18th June 2017
Strava came up in conversation today. Over a very well-deserved breakfast. (Which, incidentally, was delicious).
Following my epiphany about training, the one about perfection, I embraced the inner turtle, which meant I trained today! It’s like a miracle.
So, there we were, sitting around in a caff in Nundah, having cycled, swum, cycled, run. In a turtle fashion. (At least in my case)…
And we got onto the topic of Strava.
And as we sat round discussing training over breakfast with Ian, a recent convert to the Garmin cult, I realised there was an obvious appetite for this type of information.
And clearly, with my technical savvy, I realised I could fill a gap by explaining Strava, for the uninitiated.

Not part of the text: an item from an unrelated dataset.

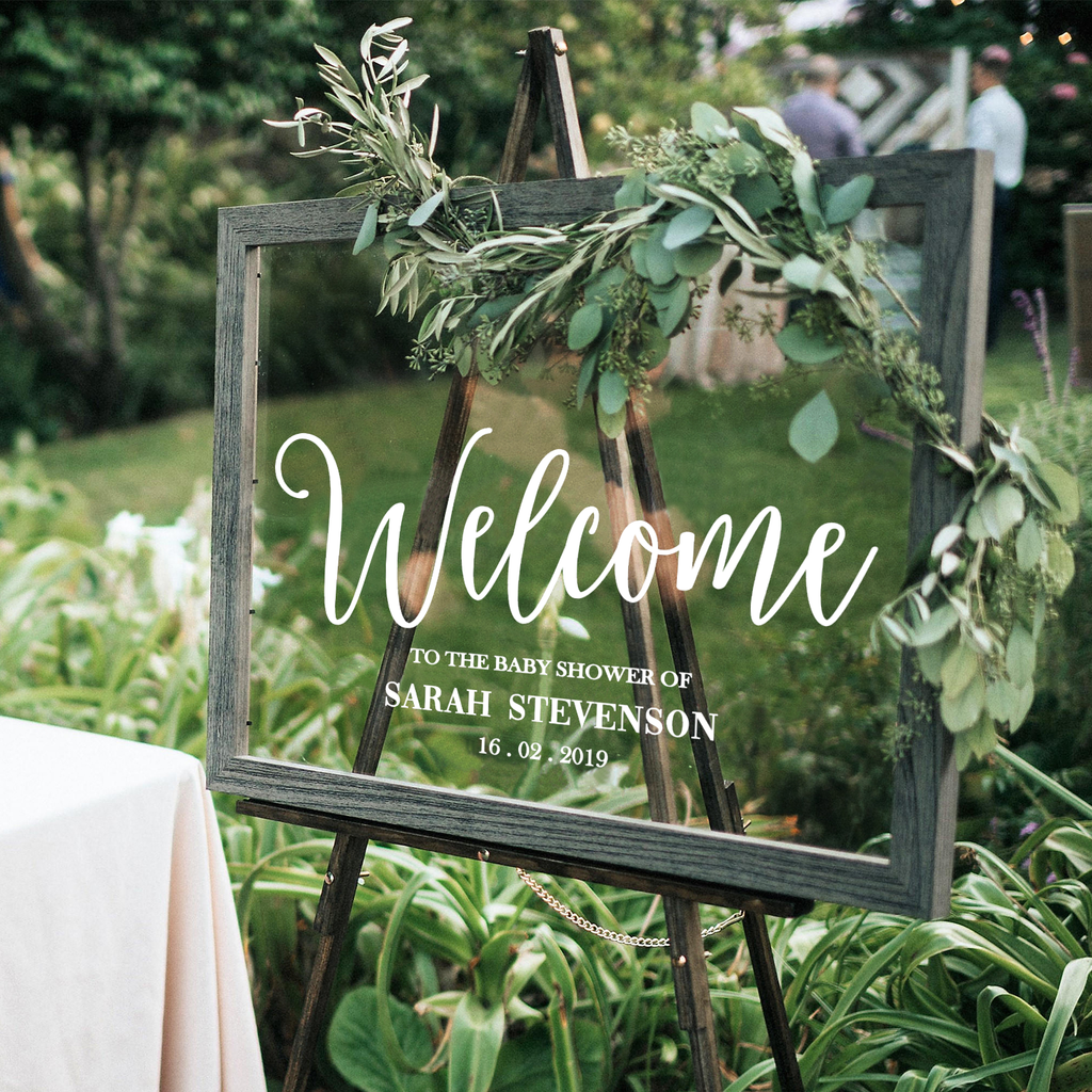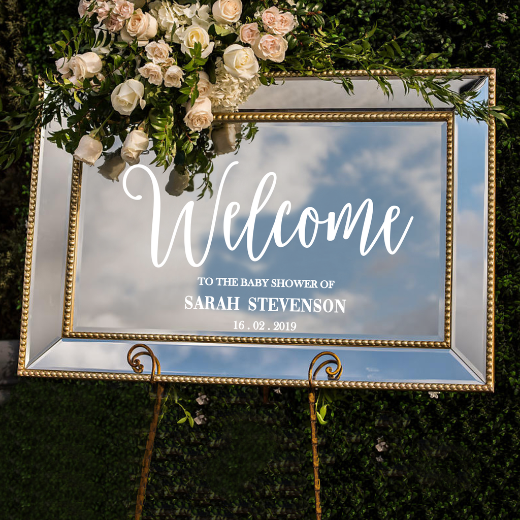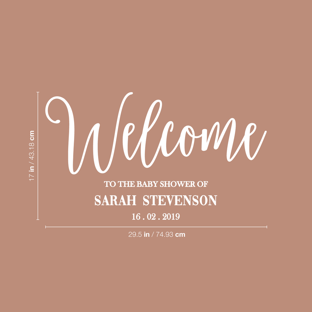 This customizable "Welcome To The Baby Shower Of" Name and Date decal is professional and the perfect touch for indoor and outdoor decoration. It's a vinyl sticker that is easy to put on almost any smooth surface. This vinyl decal quote is great to decorate a wall; frame; or mirror for that special day to remember forever. Using top of the line vinyl across all of our production allows us to be the leaders in quality and design.

So here’s the thing. Once you have a Garmin, you have to get on Strava, or your training basically no longer counts for anything. BECAUSE that is what Strava does. It validates your training. There is a saying: if it ain’t on Strava, it never happened. And it’s more than a tag line. It’s fact.
Just don’t ask me about attaching Garmin to Strava. It’s not that it’s hard – even I managed to do it, and now everything recorded on my Garmin is also in Strava – I just can’t quite remember what I did. That’s the tech part of this blog. #yourewelcome
The other thing about Strava is that it was invented in Sweden. And whilst I haven’t consulted Google Translate, I’m 99.5%^ certain that the English translation of Strava is “stalker”.
Because Strava is actually about stalking. In a good way, you understand.
You stalk performance. Of other athletes that you know. Not actually to track them to their house, or anything sinister and creepy.
There’s no camping involved with Strava. It’s for athletes. There’s no time for that kind of weird behaviour because you have to get kudos and work your way up the leaderboard. (We’ll get on to that). So, you can’t waste time hanging around outside someone’s dwelling. Or being static. You have to get that next block of activity on the charts…
On the face of it, Strava is like the Facebook of the athletic world. You “like” activity (a.k.a. giving kudos), “comment” on activity and get inspired by how well those in your social sporting sphere are doing.
There are also leaderboards. Clubs or groups each set up their own, you
grovel request to join, and once you’re in, your weekly activity is totted up to compete for leaderboard domination.
I’m particularly fond of the categories that measure time spent on an activity. This lends itself to those of us partying at the back of the pack. We spend longer going the same distance. Turtles can dominate this category. In theory.
(It is sometimes spoiled by the more gifted long course/ultra athletes that just enjoy the feeling of being awesome, and stay out running, riding and swimming for the sheer joy of it **…)
Over breakfast, we got talking about a certain coach we know, who is a very gifted runner. And some of his Strava entries showed that he’d been running what we’d class as a long run at around 4:30km/h pace for recovery. #WTF
(If I hit that pace for more than 3 seconds, I’m air pumping for the next 10 minutes in absolute glee).
BTW – I don’t know how any of us were aware of this. Because, obviously, we only use Strava for validating our activity. And not for what it’s name implies.
And then we got onto whether elite athletes use Strava to psyche out the competition?
None of us knew.
But that was when I came up with a brilliant business plan.
I am going to acquire a pack of dawgs that like to run and hire them out to elites who are a little weary, but need to get inside the minds of their opposition. The dawgs will have special collars that safely hold the elite’s Garmin, and then I will unleash the running puppy for several kilometres, whilst the elite has a little nap, before handing back their device.
The elite can upload the Garmin data to Strava, write a comment against the awesome speedy trace saying something along the lines of “easy cool down run – 20km @ 2:55km/h” and chuckle evilly knowing the opposition just died a little inside.
My teammates all laughed nervously when I suggested it.
Perhaps this is why I’m not living in the lap of luxury on my earnings as a successful entrepreneur…
Anyhoo, there you have it, the outsider guide to Strava. You probably don’t need to consult any other technical guide ever….
^ This level of certainty might be slightly overstated – I may have had a glass of vino…
**It’s OK – I don’t know what that means either.